COMISSÃO DA CÂMARA APROVA PROPOSTA QUE ACABA COM A ESCALA 6×1

Em votação simbólica, a Comissão de Constituição e Justiça da Câmara dos Deputados aprovou um parecer favorável a Proposta de Emenda à Constituição (PEC) que acaba com a escala de trabalho 6×1.

Com o aval da CCJ, dado nesta quarta-feira (22), a proposta seguirá para uma comissão especial. O relatório do deputado Paulo Azi (União Brasil-BA) foi aprovado de forma simbólica, ou seja, sem o registro nominal dos votos dos parlamentares.

No relatório, o relator considerou, em um único texto, duas propostas apresentadas por parlamentares de esquerda. Uma delas, da deputada Erika Hilton (PSOL-SP), prevê a adoção da semana de quatro dias de trabalho, com prazo de 360 dias para implementação. A outra, de autoria do deputado Reginaldo Lopes (PT-MG), propõe a redução da carga semanal para 36 horas, com período de transição de dez anos.

A análise feita pela CCJ se restringe à admissibilidade da matéria, ou seja, à compatibilidade com a Constituição.
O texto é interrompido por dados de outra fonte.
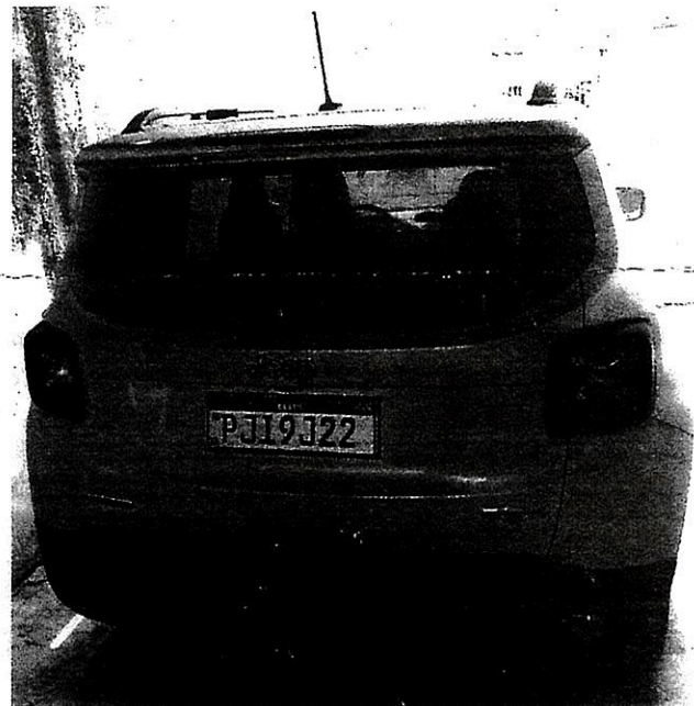
Imagem 05 – Traseira.

Da placa: A placa do veículo estava desconforme com as normas, não possuía todas as características da placa padrão Mercosul.
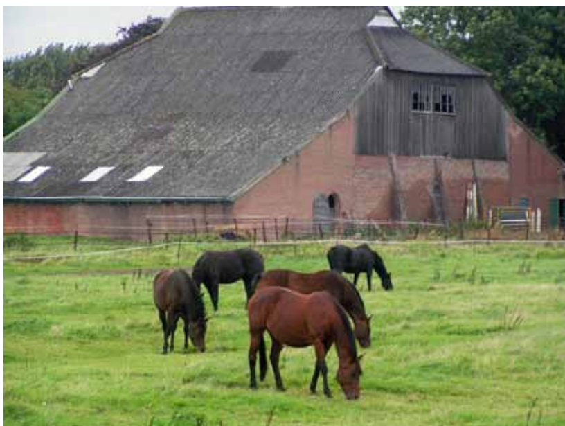
Boven de steenoverschuur op steenoverterrein IJsseloord en onder de constructie van de schuur

Segundo Paulo Azi, os requisitos formais foram atendidos, o que permite a continuidade da tramitação. A discussão de mérito ficará a cargo da comissão especial, que deve ser instalada ainda nesta quarta-feira pelo presidente da Câmara, Hugo Motta (Republicanos-PB). O nome do relator ainda não foi definido.

O tema em debate nas propostas difere do projeto apresentado pelo governo Lula, que prevê a redução da jornada máxima para 40 horas semanais e a adoção de cinco dias de trabalho, com dois de descanso remunerado. Hoje, o limite constitucional é de 44 horas semanais.

Apesar de não tratar do conteúdo das propostas, o relator incluiu recomendações no parecer. Entre elas, a adoção de uma regra de transição gradual, com cronogramas diferenciados para adaptação do setor produtivo. Ele cita experiências internacionais, como as de Chile, Colômbia e México, onde mudanças semelhantes foram implementadas de forma escalonada.

Paulo Azi também alerta para possíveis impactos econômicos mais amplos, incluindo efeitos sobre o financiamento da Seguridade Social. Como forma de mitigar riscos, sugere a discussão de medidas compensatórias, como a redução de tributos, especialmente sobre a folha de pagamentos, para empresas afetadas pela mudança.

Levantamento da Confederação Nacional da Indústria (CNI) aponta que a redução da jornada de 44 para 40 horas pode elevar os custos com trabalhadores formais entre R$ 178,2 bilhões e R$ 267,2 bilhões por ano, o que representaria aumento de até 7% na folha de pagamentos.